We talk about ‘Dark Side Of The Moon,’ because already some of the tracks on ‘FutureSex/LoveSounds’ last for four or five minutes and bleed into one another. Does this mean it is not only an album, but also a concept album?

‘Yeah.’

That's ambitious.

‘‘Well fuck it,’ Timberlake says. ‘If Pink Floyd can do it, why can't I? It's there for the taking, because quite frankly who else is going to do it? In a humble way I do realise I have a platform, so If I'm not going to push it. Who’s gonna push it?’

You're very confident about that.

‘Don't you feel that with the exception of the ballad, everything has this consistent like, …newness to it. Then fine. Mission accomplished.’

Dark Side of The Moon is the best concept album ever. The more you listen to it, the more you hear.

‘Amazing.’

There is a risk that you could alienate the younger end of your fanbase.

‘Honestly? I’ve never tried to make music for 12-year-olds,’ he says.’ That’s sort of the point of being 12 though, that you want to listen to the things that the 18-year-olds listen to. When I was 12, 13, I wanted to know what pot was and what alcohol felt like. I wanted to know what sexual music felt like. That’s the point of growing up.’

Timberlake talks about the first time he felt the unexplainable nag of pop music in his groin. The track was George Michael’s ‘I Want Your Sex’. He was in the car, probably ten years old. ‘My mom was singing it. It was weird, it was disgusting. I remember listening to the song and thinking, ‘I wonder what he means by that?’ That and Prince, ‘Gett Off’ and ‘Kiss’, thinking - what is he talking about? Those songs are meant to like draw sexuality out of people.’

Timberlake has never had sex to his own music - ‘I can't. I have trouble having sex to music, because I’ll start picking out the chords – but equally he has never, ever forgotten the pop key function is to articulate the basic emotions: lust, heartbreak, anger. He wonders aloud if he can get all three into one song.

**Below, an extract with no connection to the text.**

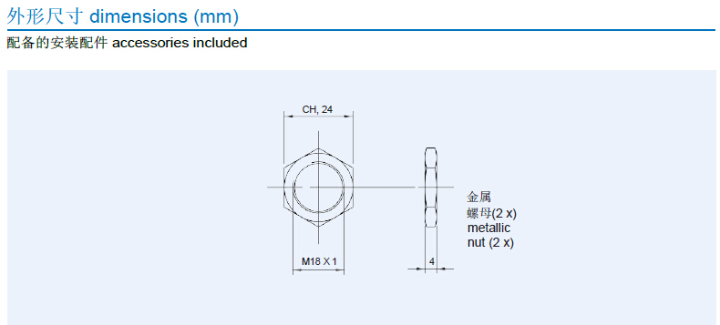 • Dimensions: M18 cylindrical short housing外形:M18圓形短外殼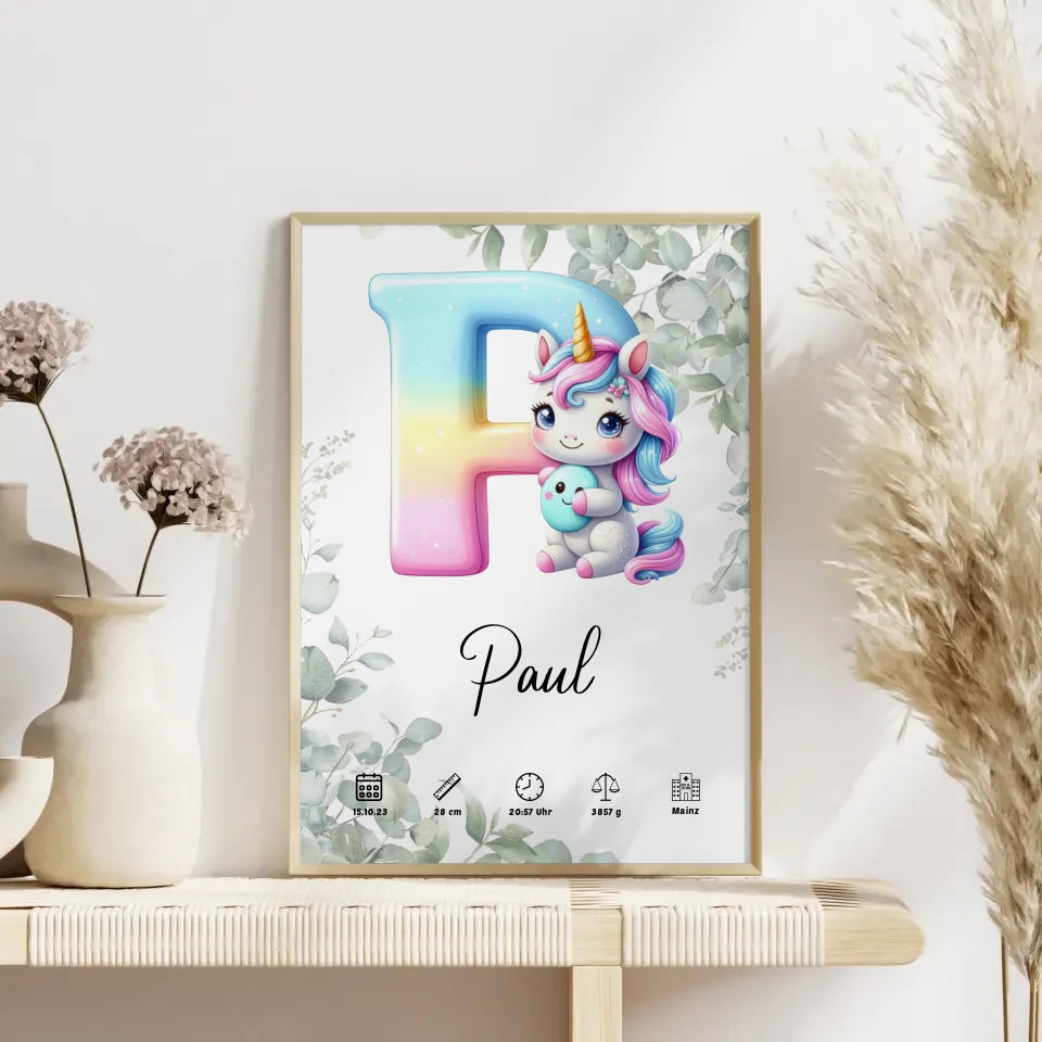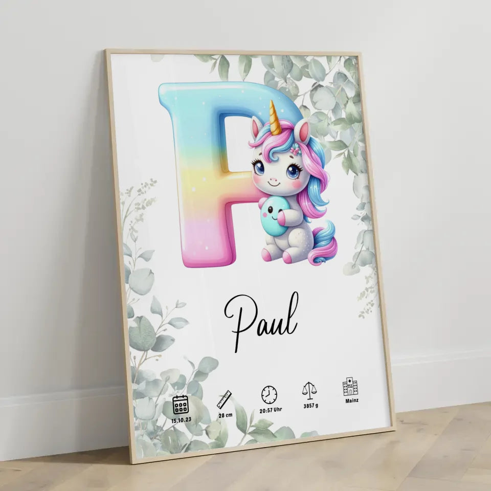 Entdecke unsere einzigartigen personalisierten Poster mit dem Anfangsbuchstaben P und einem zauberhaften Eukalyptus-Design! Diese stilvollen Poster sind das perfekte Geschenk zur Geburt oder zum Geburtstag und eignen sich ideal, um die besonderen Momente deines Lebens festzuhalten. Gestalte dein individuelles Poster, indem du wertvolle Geburtsdaten wie Gewicht, Größe, Uhrzeit und Datum einfügst. Das Highlight ist der Initial Buchstabe und der Name, die das Poster zu einem ganz persönlichen Kunstwerk machen. Unsere Poster sind in verschiedenen Buchstaben A-Z erhältlich, sodass du das perfekte Design für jeden Namen finden kannst. Überrasche deine Liebsten mit einem personalisierten Poster, das nicht nur dekorativ ist, sondern auch eine bleibende Erinnerung an die Geburt darstellt. Hol dir jetzt dein individuelles Kunstwerk und feiere besondere Momente mit Stil!

He and his friend Trey did their own pop-quality control on ‘FutureSex/ LoveSounds’ – the Car Test. ‘Always do the car test,’ he says. ‘You put the songs on a CD in their rough form and you put it in the CD player of the car and you turn it UP and you drive around with it. We did it in Miami, Virginia, LA, Tennessee…’

Needless to say, it sounded best in Miami.

‘Definitely. You know, like, driving by the ocean with the windows down?’ Timberlake says. ‘Trey said to me, ‘you know what this is? This is The Future. This is something new. This is what music should be. That’s what all the great have done. The Beatles took black music and made it their own. Michael Jackson took James Brown and turned it into Michael Jackson. Prince took Jimi Hendrix and turned it into Prince.’

But this time, he just took himself and invented his own future. That’s ‘great’. That’s pop. That’s why we need Justin Timberlake.

He pops his collars, locks his fingers and cracks his bones. Justin Timberlake is fresh, and he is ready.